(EXTRACTED ENTRIES Opens)

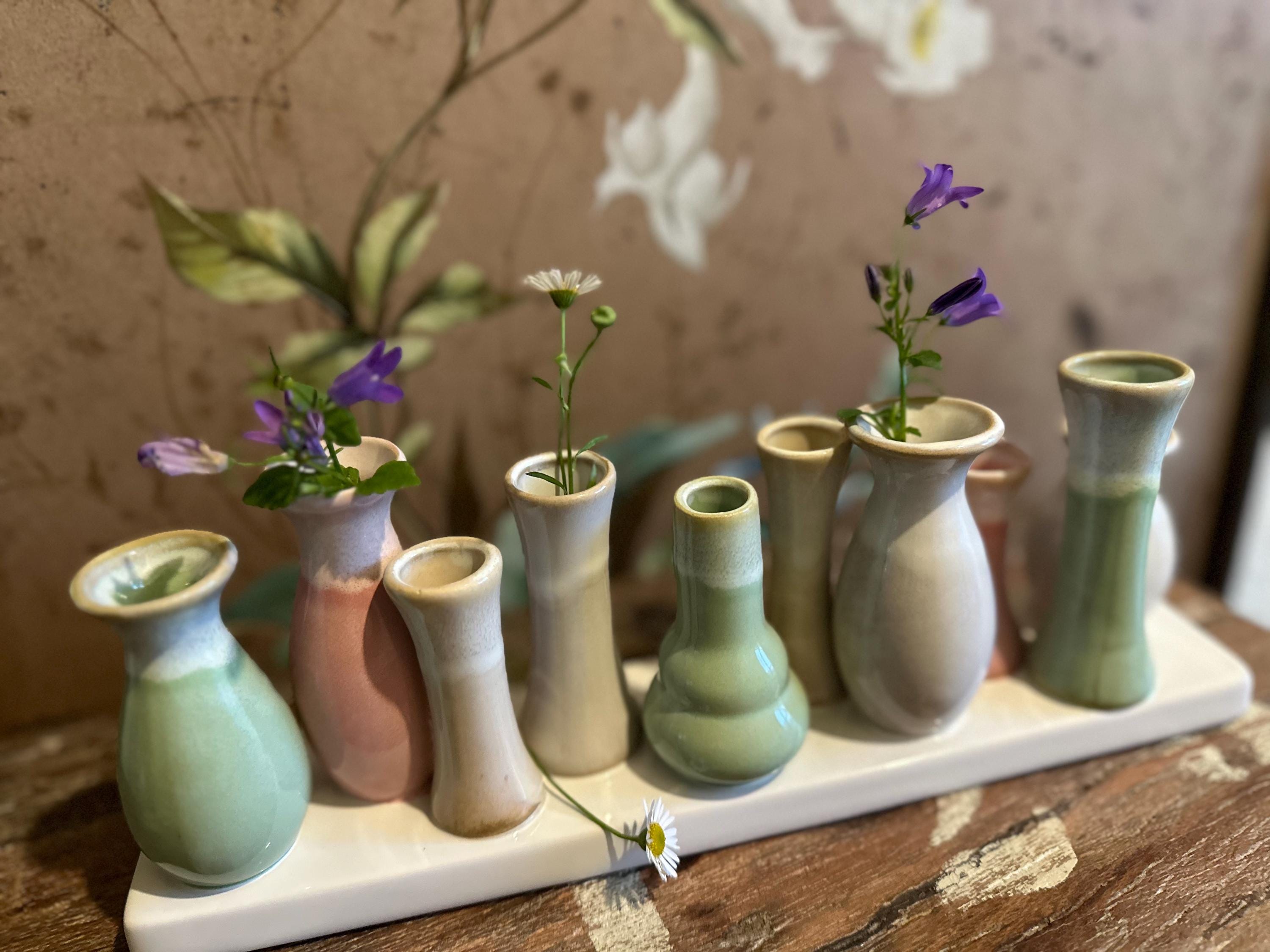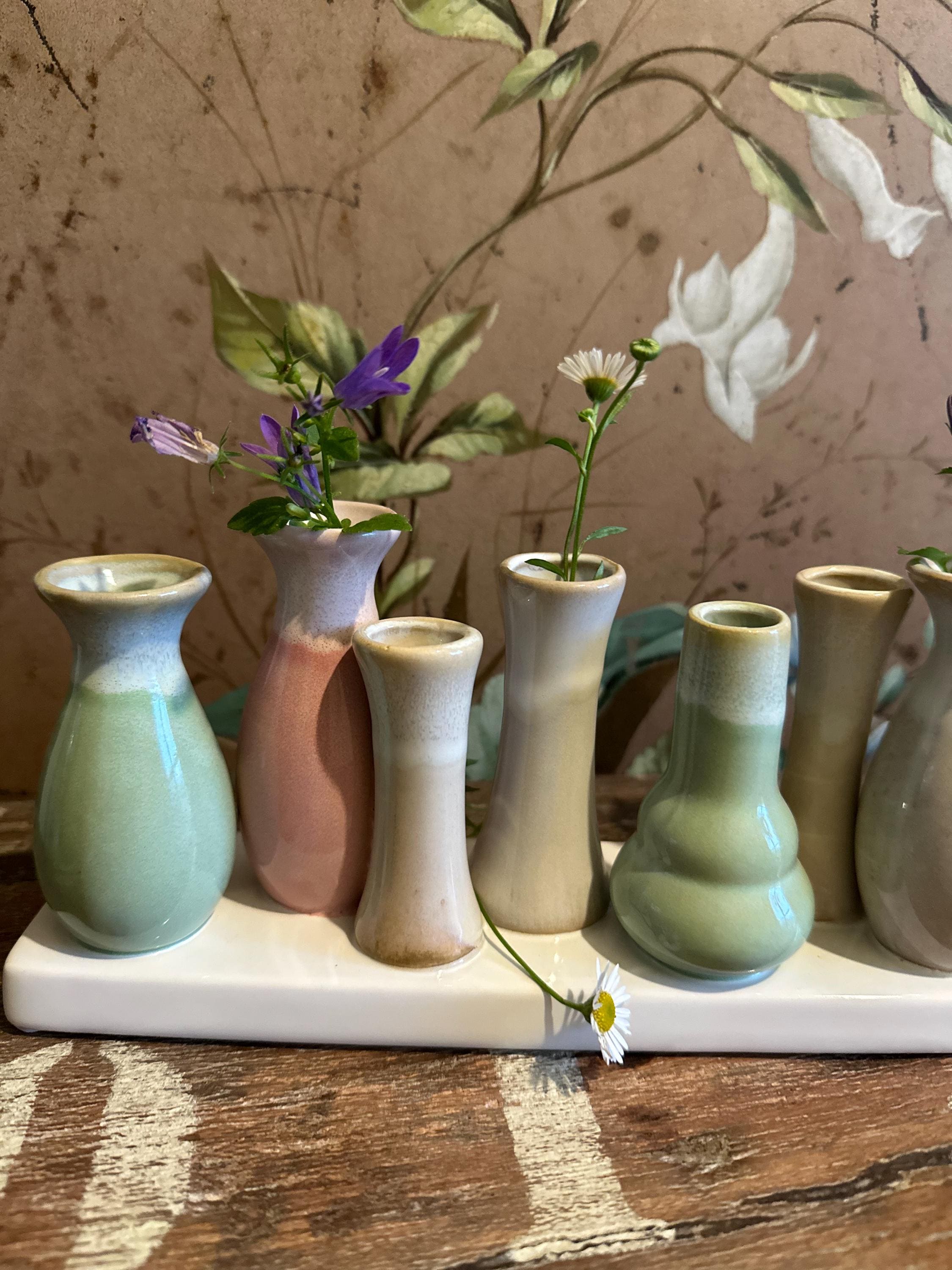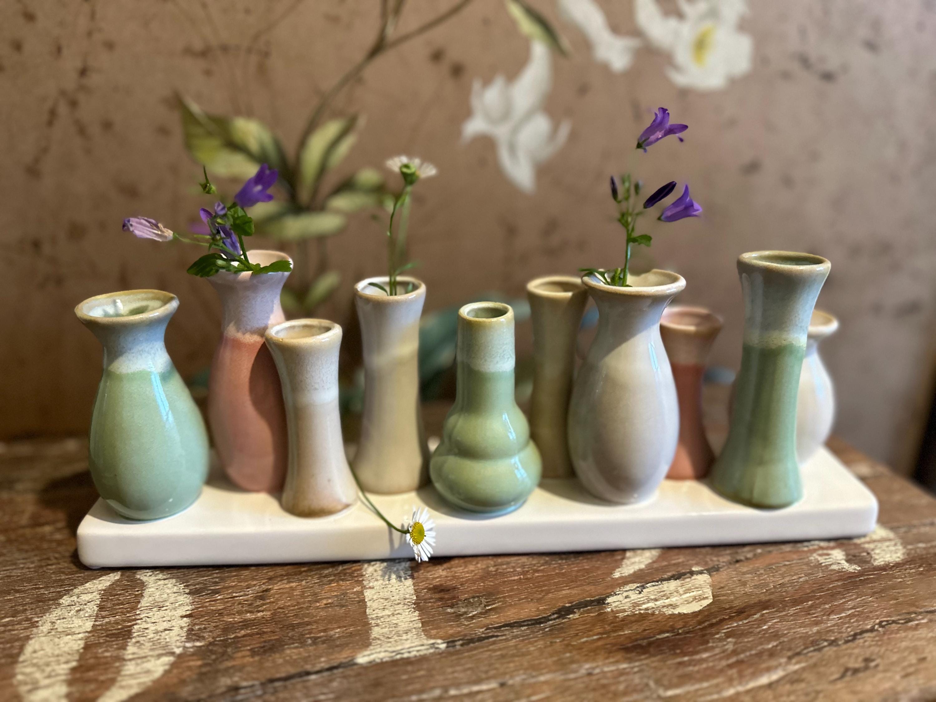 Vases with summer flowers staged on an old cracked patina, these pieces are modeled on old originals. Small mini vases for beautiful arrangements for individual small blossoms - heart ❤️sweetly they spread their charm and bring romance - enjoy these pretty accessories all year round.
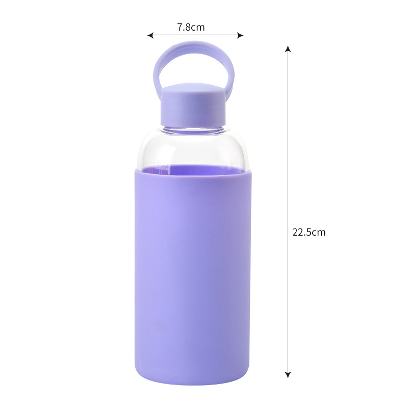 The glass water bottle is made from 100% durable borosilicate glass which is BPA, BPS, PVC, Lead, and Cadmium free. Our top-quality clear water bottles come with a protective silicone sleeve and silicone lid and handle. Your logo and company name can be imprinted on it for promotion.
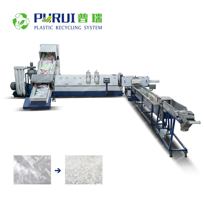 復合膜 / PET膜 / CPP膜 / 無紡布塑料造粒機屬于全自動造粒機,即從投料、破碎、輸送、造粒一次性完成,擠出機可根據材料的特點選擇排氣孔或無排氣孔,切粒方式采用拉條切粒,單板雙工位換網裝置,免停機,過濾面積大。塑料造粒機適用于復合膜、PET膜、CPP膜、無紡布等。
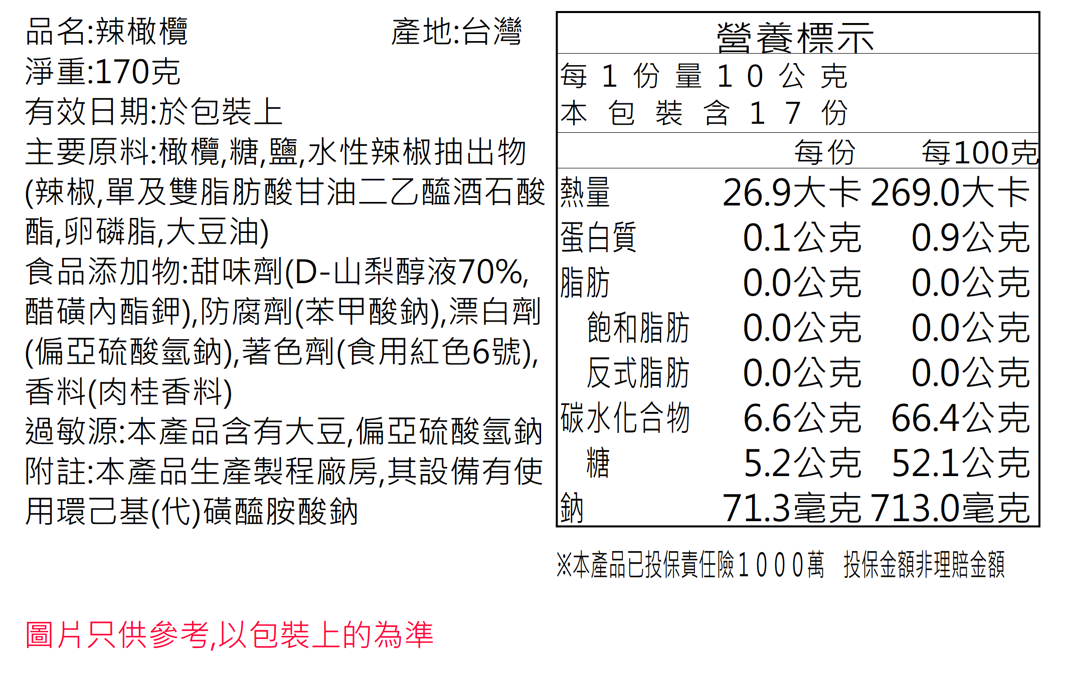 [*過敏源:本產品含有偏亞硫酸氫鈉,不適合其過敏體質者食用。]
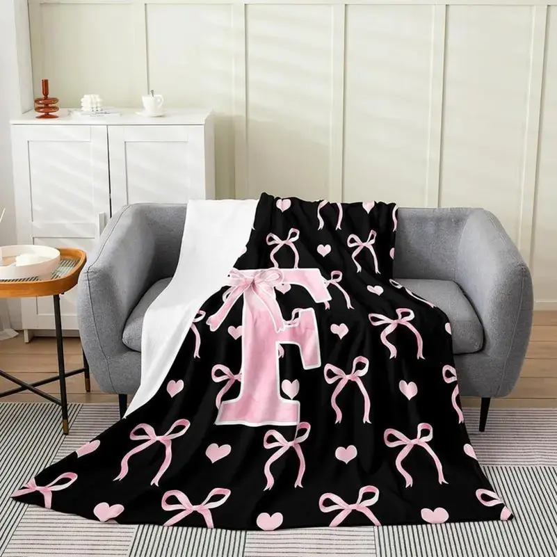 Alphabet A–Z print flannel throw blanket for teen girls, black/pink monogram flannel blanket, personalized gifts for daughter, women, ladies, custom blanket for bedding, bedroom, office
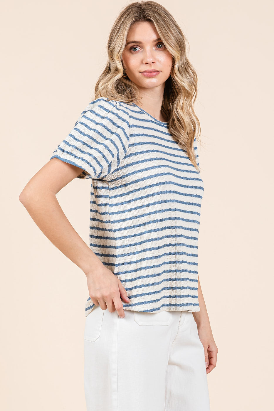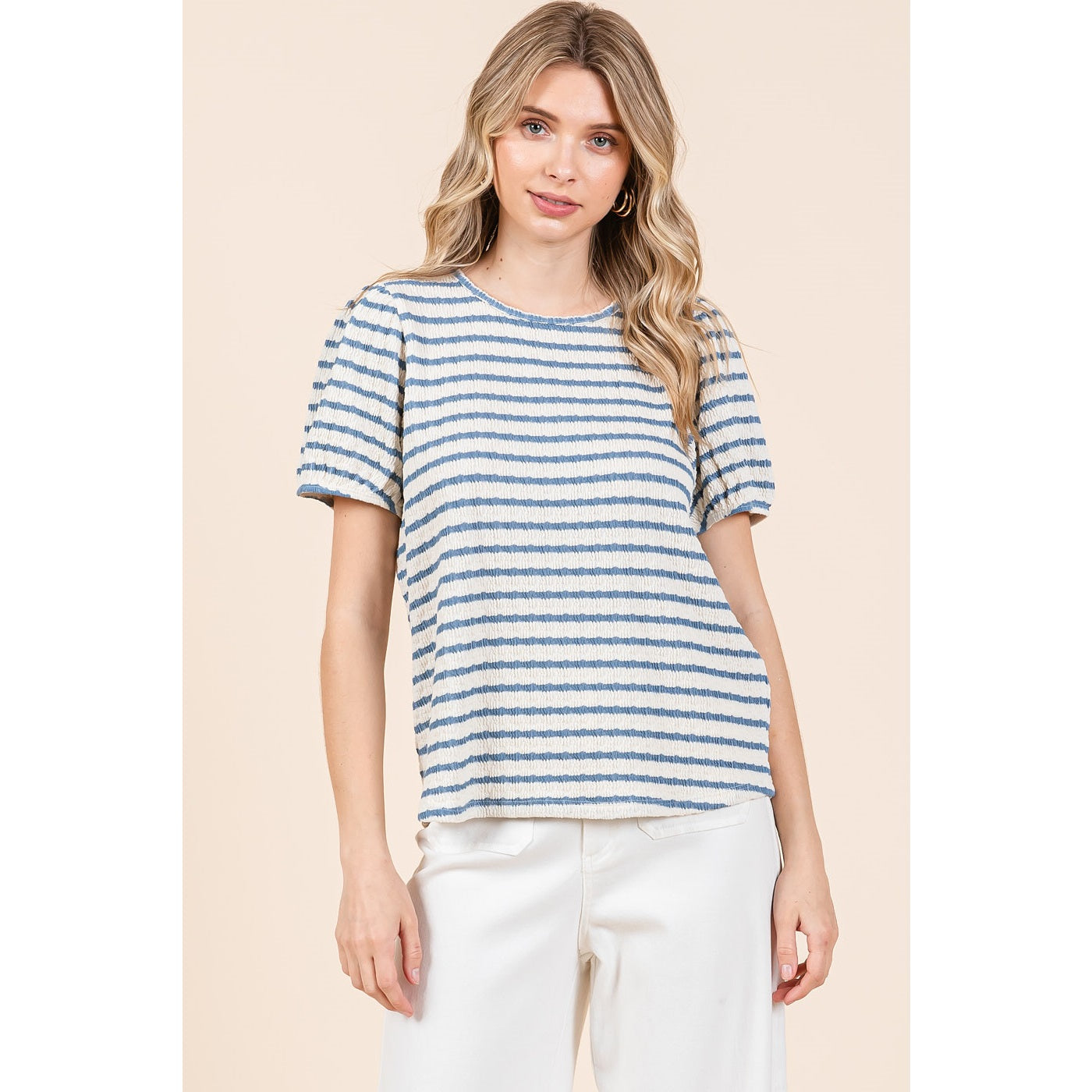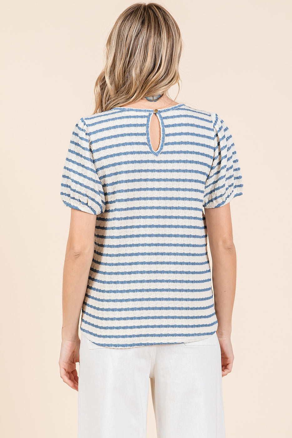 The Cora Top features a classic stripe print, a delicate keyhole back with button closure, and a classic round neck. The trendy puff sleeve adds a touch of sophistication. Perfect for a stylish and chic look.
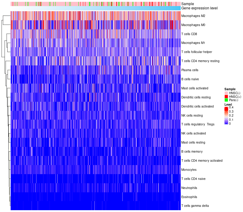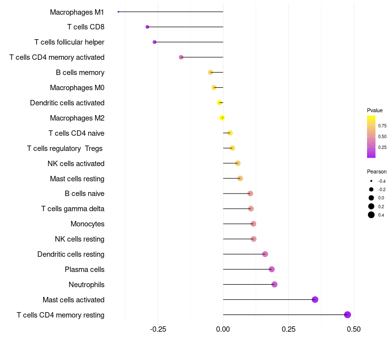 Relationship between gene expression and immune infiltrating cell level
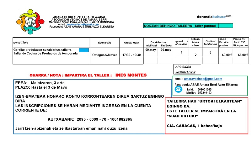 La Asociación de Vecinos de Amara Berri ha organizado un nuevo curso de cocina con productos de temporada que comenzará
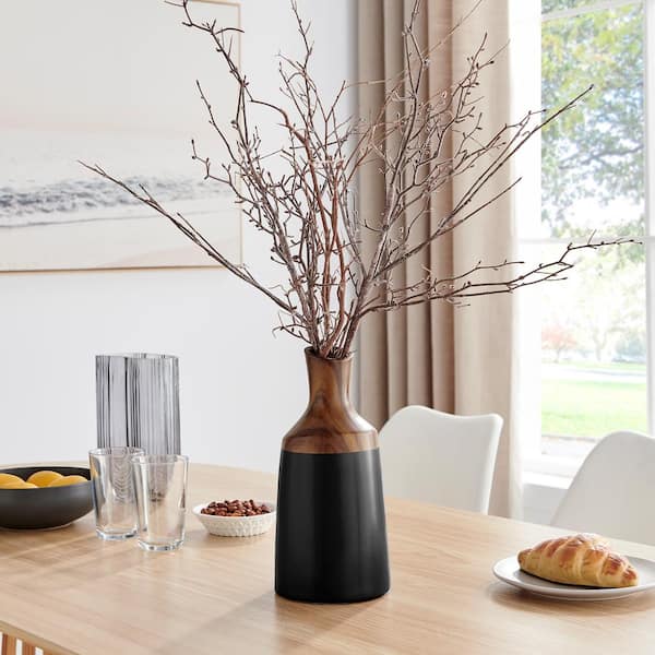 Milo Kande Carafe Cylinder 12 in. H Ceramic Modern 2 Tone Multi-Color Tabletop Vase Black and Walnut Large
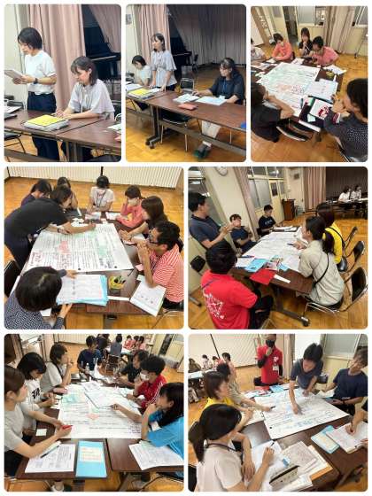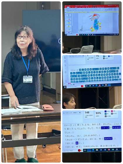 学習者用端末の有効活用が討議の中心となりました。子どもたちもよく使い、メリットも認めながらも、国語科の学習として身につけたい力をどう指導していけばいいのか、さらによりよい協働的な学びとするためにどうすればいいのかを検討しました。録音できる良さと同時に、目の前で工夫したものを聴き合う良さもあることが話題となりました。
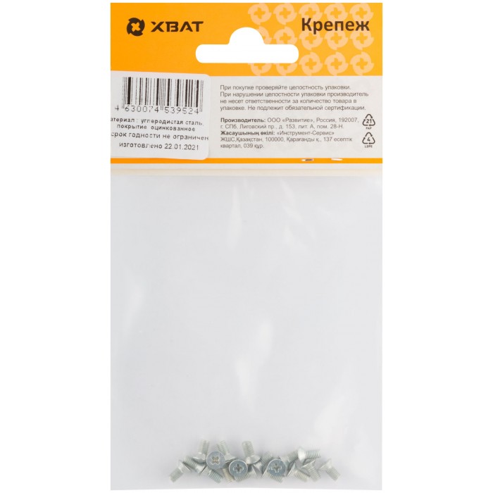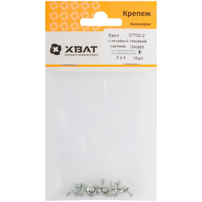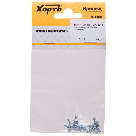 Винт с потайной головкой с полной резьбой оцинкованный DIN 965 3х6 18 шт.(фасовка) (27750-2)

(EXTRACTED ENTRIES Closes)

• [WORK REQUIRED]: The listing should be transcribed exactly. No picture is to appear in the transcription.

• [THE ANSWER]:
 Vases with summer flowers staged on an old cracked patina, these pieces are modeled on old originals. Small mini vases for beautiful arrangements for individual small blossoms - heart ❤️sweetly they spread their charm and bring romance - enjoy these pretty accessories all year round.
 The glass water bottle is made from 100% durable borosilicate glass which is BPA, BPS, PVC, Lead, and Cadmium free. Our top-quality clear water bottles come with a protective silicone sleeve and silicone lid and handle. Your logo and company name can be imprinted on it for promotion.
 復合膜 / PET膜 / CPP膜 / 無紡布塑料造粒機屬于全自動造粒機,即從投料、破碎、輸送、造粒一次性完成,擠出機可根據材料的特點選擇排氣孔或無排氣孔,切粒方式采用拉條切粒,單板雙工位換網裝置,免停機,過濾面積大。塑料造粒機適用于復合膜、PET膜、CPP膜、無紡布等。
 [*過敏源:本產品含有偏亞硫酸氫鈉,不適合其過敏體質者食用。]
 Alphabet A–Z print flannel throw blanket for teen girls, black/pink monogram flannel blanket, personalized gifts for daughter, women, ladies, custom blanket for bedding, bedroom, office
 The Cora Top features a classic stripe print, a delicate keyhole back with button closure, and a classic round neck. The trendy puff sleeve adds a touch of sophistication. Perfect for a stylish and chic look.
 Relationship between gene expression and immune infiltrating cell level
 La Asociación de Vecinos de Amara Berri ha organizado un nuevo curso de cocina con productos de temporada que comenzará
 Milo Kande Carafe Cylinder 12 in. H Ceramic Modern 2 Tone Multi-Color Tabletop Vase Black and Walnut Large
 学習者用端末の有効活用が討議の中心となりました。子どもたちもよく使い、メリットも認めながらも、国語科の学習として身につけたい力をどう指導していけばいいのか、さらによりよい協働的な学びとするためにどうすればいいのかを検討しました。録音できる良さと同時に、目の前で工夫したものを聴き合う良さもあることが話題となりました。
 Винт с потайной головкой с полной резьбой оцинкованный DIN 965 3х6 18 шт.(фасовка) (27750-2)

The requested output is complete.